OCTANE (Oncology Clinical Trial Annotation Engine) screen shot.
STRENGTHS, LIMITATIONS, AND FUTURE WORK
Precision oncology is evolving rapidly. To successfully deliver personalized cancer care on a routine basis, an effective and robust informatics infrastructure is required. Existing approaches do not sufficiently address all of the unique characteristics and needs of precision oncology. To partially address this gap, we developed and implemented OCTANE as a general informatics framework for establishing and maintaining a comprehensive database necessary for automating patient-trial matching. Although our main focus is to accommodate precision oncology trials, OCTANE is capable of supporting the annotation of clinical trials that are not genomically informed where data elements related to clinical trials are also considered and can be easily expanded.
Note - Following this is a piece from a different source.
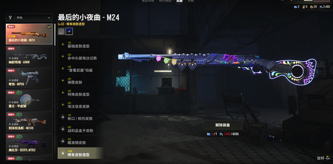 二级密码123456✅⑥级小夜曲M24✅异色M24✅渗透AKM✅毒液M762✅铃儿响叮当98K✅群雄

To illustrate how the framework can be implemented, we described a specific instance of OCTANE at our institution. The data aggregation module provides a fully automated pipeline for managing many trial data elements. The annotation module offers strategies to address unique characteristics of precision oncology trials and increase the recall of retrieving trials by identifying implicit trial-gene associations. The update module combines automated change log monitoring with an NLP component to identify changes and alert annotators when manual intervention may be needed. The NLP component has demonstrated merits in terms of performance and utility. The semiautomated process balances timely update with manual effort. We described guidelines or strategies that can be replicated or customized at other institutions. Data and tools including CDEs, disease lexicon, and the update module have been made publically available.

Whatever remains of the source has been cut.